* Records excerpted from a collection
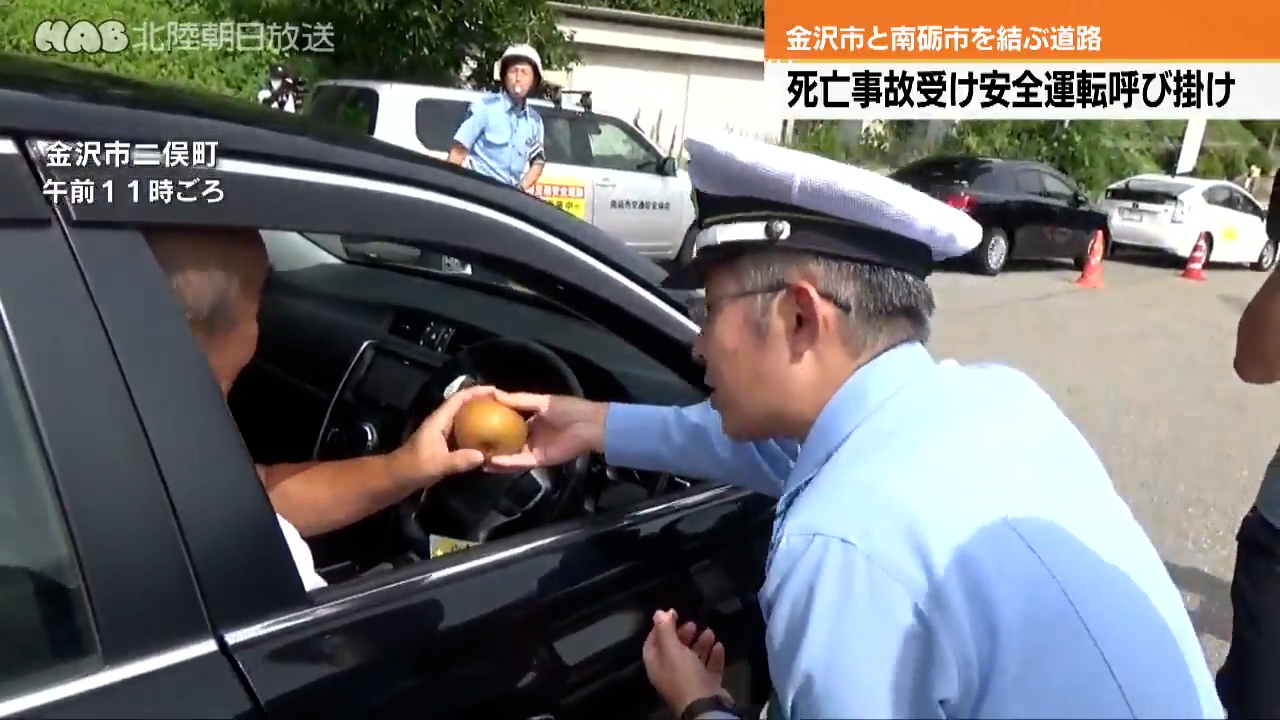 金沢市と富山県南砺市を結ぶ道路で死亡事故が発生したことを受け、安全運転を呼び掛けるキャンペーンが行わ...
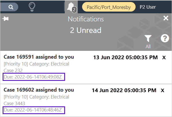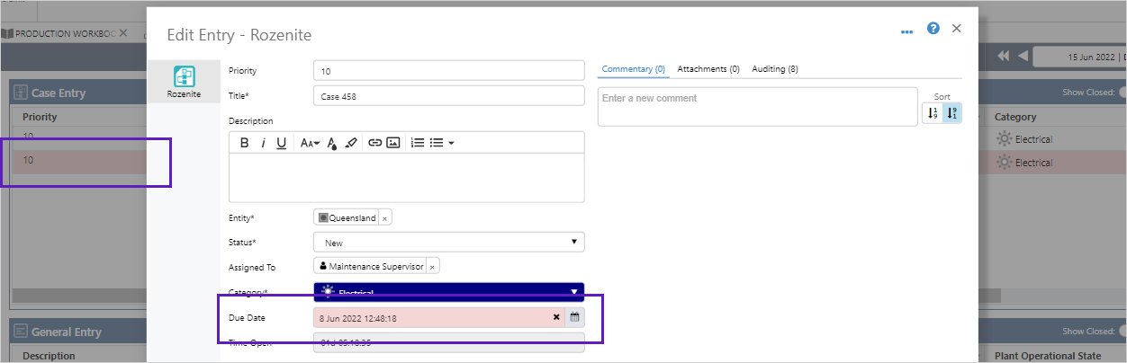 Overdue entries have a pale red background colour in the Shift Log and Case Management entry tables, and in the Due Date field in the entry dialogs.
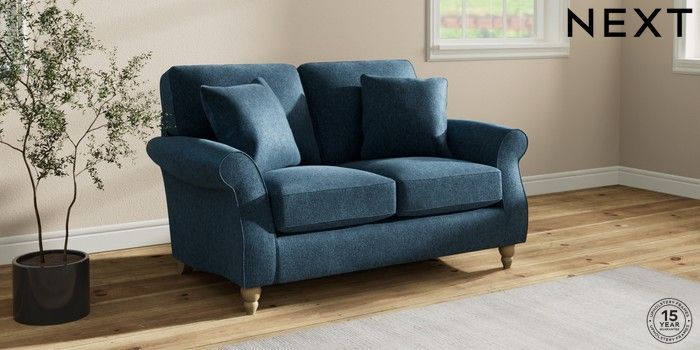 6.12.1 Buy Ashford 2 Seater Small Sofa Cotswold Chenille Dark Blue Low Turned - Light from the Next UK online shop Click here to use our accessible website
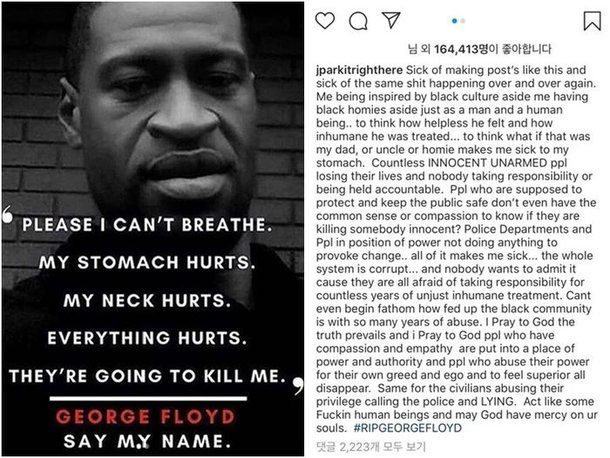 자신의 인스타그램에 “흑인 문화에 많은 영감을 받은 나로서는 그가 얼마나 무력감을 느끼고 비인간적인 대우를 받았는지 정말 안타까운 마음이다”라는 글을 올려 왜 행동하게 되었는 지를 설명했다.
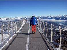 Der Skibus brachte uns an Tag 1 ins Skigebiet Schmitten. Wenige Wolken und etwas Wind waren auszuhalten. Die Folgetage bescherte uns das Gletscher-Skigebiet am Kitzsteinhorn optimale Schneeverhältnisse und Sonne satt. Vom Maiskogel gings mit der 3K K-onnection zum Gletscher. Mit dem Gletschershuttle erreichten wir Top of Salzburg (3029m), eine Panorama-Plattform mit grandiosem Ausblick auf die Gipfelwelt. |
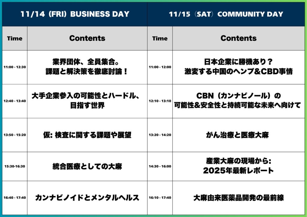 国内外約100社が集結する展示(最新のCBD・ヘンプ製品など)に加え、国内外の専門家が登壇する2つのカンファレンスも同時開催。健康食品から建材、繊維まで、多様な分野でのビジネスチャンスと産業の未来を探る重要な機会となりそうです。
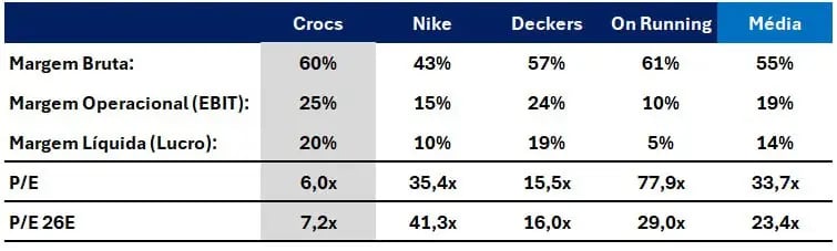 Fazendo uma comparação com outras empresas de calçados, vemos que a Crocs possui uma margem bruta em linha com marcas “premium”, como a On Running. Mas, ao mesmo tempo, a margem líquida fica alinhada com marcas mais consolidadas, como a Deckers. E hoje ela negocia a uma fração do preço dessas companhias.
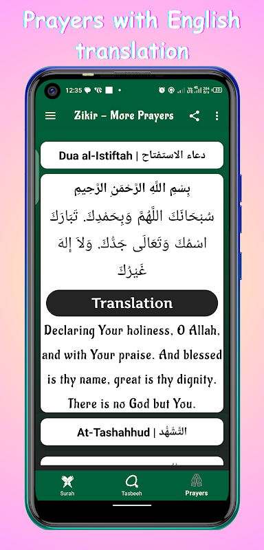 • अंग्रेजी अनुवाद के साथ 15 छोटे सूरह और 20 से अधिक दुआएँ।
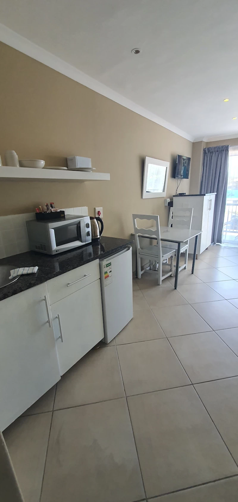 • In-Room Amenities: A small kitchenette equipped with a bar fridge, microwave, kettle, crockery, and cutlery. Complimentary coffee and tea are provided.

* BRIEF
Repeat each line of the records exactly. Do not include the pictures.

* EXERCISE OUTPUT
 金沢市と富山県南砺市を結ぶ道路で死亡事故が発生したことを受け、安全運転を呼び掛けるキャンペーンが行わ...
 Overdue entries have a pale red background colour in the Shift Log and Case Management entry tables, and in the Due Date field in the entry dialogs.
 6.12.1 Buy Ashford 2 Seater Small Sofa Cotswold Chenille Dark Blue Low Turned - Light from the Next UK online shop Click here to use our accessible website
 자신의 인스타그램에 “흑인 문화에 많은 영감을 받은 나로서는 그가 얼마나 무력감을 느끼고 비인간적인 대우를 받았는지 정말 안타까운 마음이다”라는 글을 올려 왜 행동하게 되었는 지를 설명했다.
 Der Skibus brachte uns an Tag 1 ins Skigebiet Schmitten. Wenige Wolken und etwas Wind waren auszuhalten. Die Folgetage bescherte uns das Gletscher-Skigebiet am Kitzsteinhorn optimale Schneeverhältnisse und Sonne satt. Vom Maiskogel gings mit der 3K K-onnection zum Gletscher. Mit dem Gletschershuttle erreichten wir Top of Salzburg (3029m), eine Panorama-Plattform mit grandiosem Ausblick auf die Gipfelwelt. |
 国内外約100社が集結する展示(最新のCBD・ヘンプ製品など)に加え、国内外の専門家が登壇する2つのカンファレンスも同時開催。健康食品から建材、繊維まで、多様な分野でのビジネスチャンスと産業の未来を探る重要な機会となりそうです。
 Fazendo uma comparação com outras empresas de calçados, vemos que a Crocs possui uma margem bruta em linha com marcas “premium”, como a On Running. Mas, ao mesmo tempo, a margem líquida fica alinhada com marcas mais consolidadas, como a Deckers. E hoje ela negocia a uma fração do preço dessas companhias.
 • अंग्रेजी अनुवाद के साथ 15 छोटे सूरह और 20 से अधिक दुआएँ।
 • In-Room Amenities: A small kitchenette equipped with a bar fridge, microwave, kettle, crockery, and cutlery. Complimentary coffee and tea are provided.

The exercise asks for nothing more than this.